Cardiol’s share price fell from $1.91 on August 1 to $1.85 on August 5 and dropped further to $1.48 on August 6. The decline suggests limited market tolerance for studies that miss statistical significance thresholds, despite supportive commentary from collaborating cardiologists.
“So on the press released ARCHER update itself, Cardiol indicated that CardiolRx-treated patients exhibited measurable improvement on extracellular volume on cardiac MR images after three months of CardiolRx in comparison to placebo patients, with a p-value that was close to achieving statistical significance (p-value was 0.054, close to 0.05 & still reflecting to us that CardiolRx exhibited clear efficacy trends),” Loe said.
Loe said the market reaction was “in a way unsurprising” given the slight miss on statistical significance for extracellular volume reduction, a key measure of inflammation and fibrosis in the myocardium. He emphasized the miss was minor.
“We have rarely, if ever, seen capital markets show tolerance for missing statistical significance, even when accounting for factors such as the magnitude of the miss (which was extremely small in ARCHER), the size of the trial (109 patients is not insignificant, though still below what would be needed for a Phase III registration study), the target indication (acute myocarditis, where efficacy relies on interpretation of radiographic images rather than hard endpoints like survival in oncology or microbial clearance in infectious disease), or the lack of a true standard of care (there are no approved therapies for myocarditis, aside from off-label use of glucocorticoids or anti-hypertensive agents),” he said.
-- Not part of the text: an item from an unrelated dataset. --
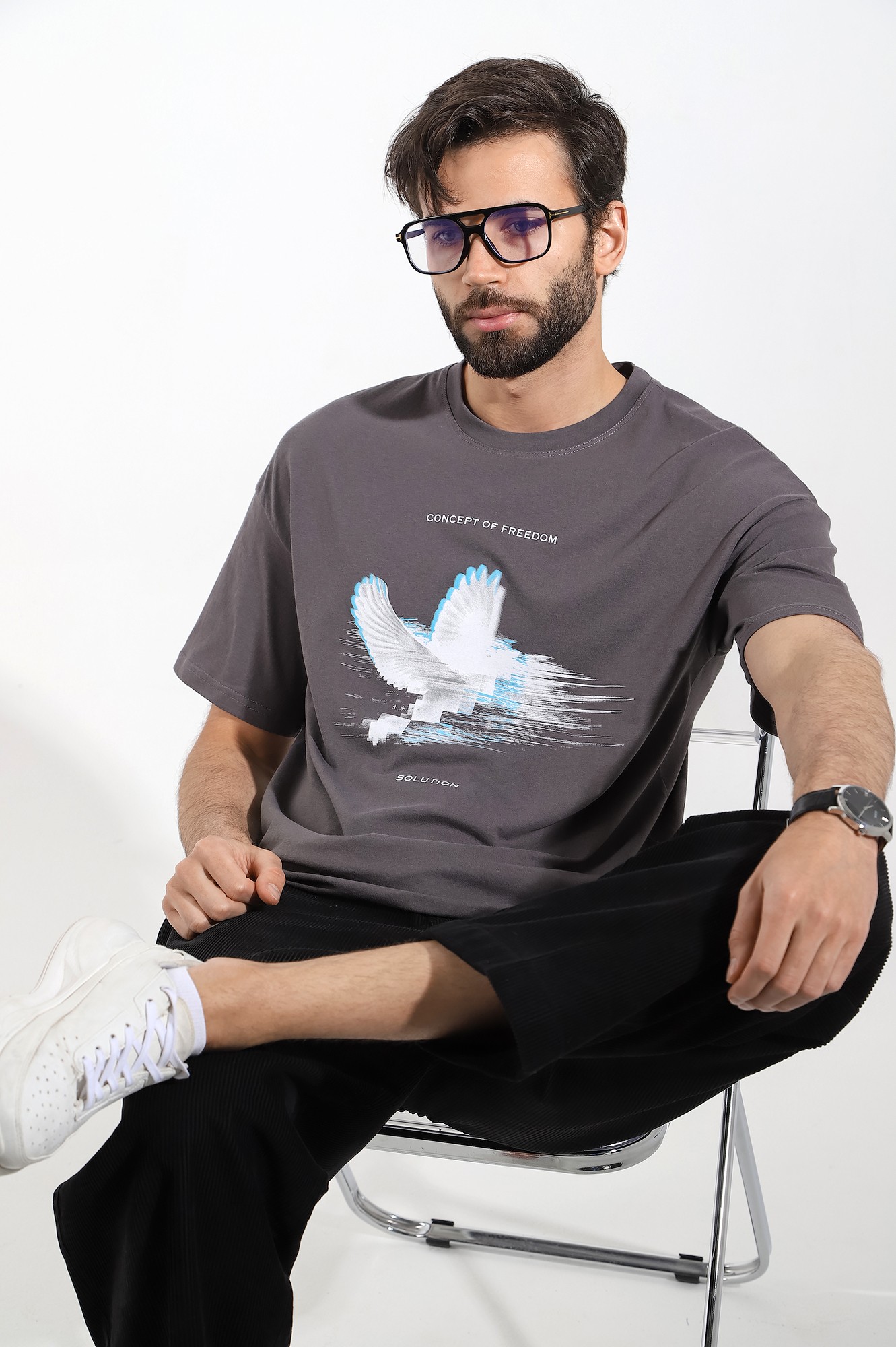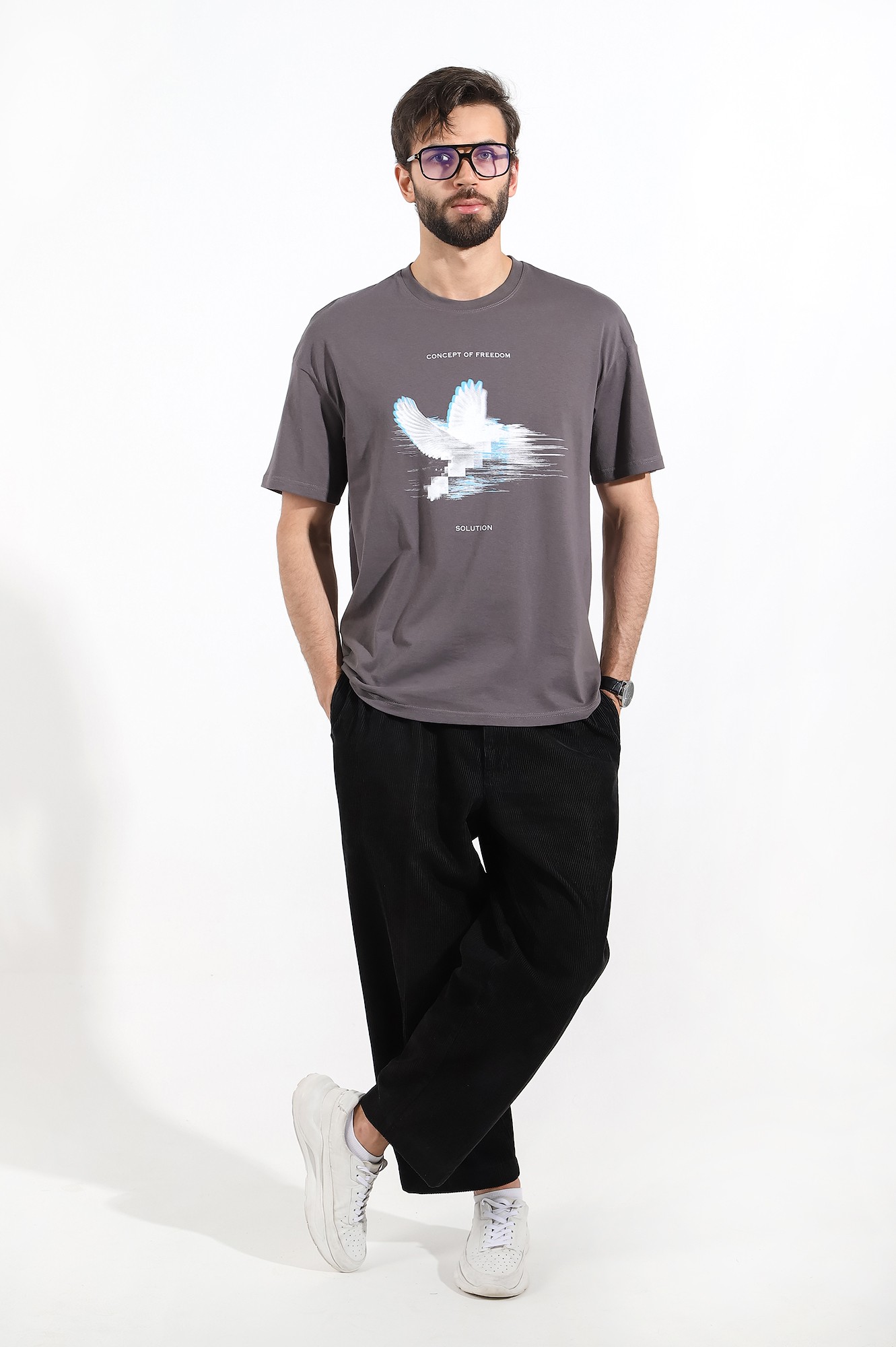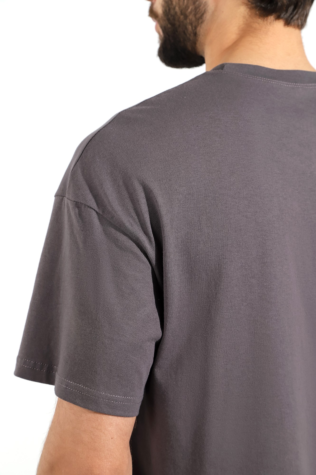 Футболка мужская из гладкокрашеного трикотажного полотна "кулирка", свободного покроя, со спущенным плечом и втачными короткими рукавами. Горловина овальной формы обработана втачной планкой. По шву втачивания планки настрочена двойная отделочная строчка. В центре переда - принт, выплненный в технике шелкографии.

Loe doesn’t expect Cardiol to generate revenue until fiscal 2029, when he estimates the company will produce $65.8-million in revenue and $42.7-million in Adjusted EBITDA. He projects those figures will improve significantly in fiscal 2030 to $165.4-million in revenue and $139.3-million in Adjusted EBITDA, reflecting expected commercial ramp-up following clinical milestones.
In the interim, he expects ongoing development-stage losses, forecasting Adjusted EBITDA of negative $23.5-million, $20.8-million, and $20.6-million in 2026, 2027, and 2028, respectively.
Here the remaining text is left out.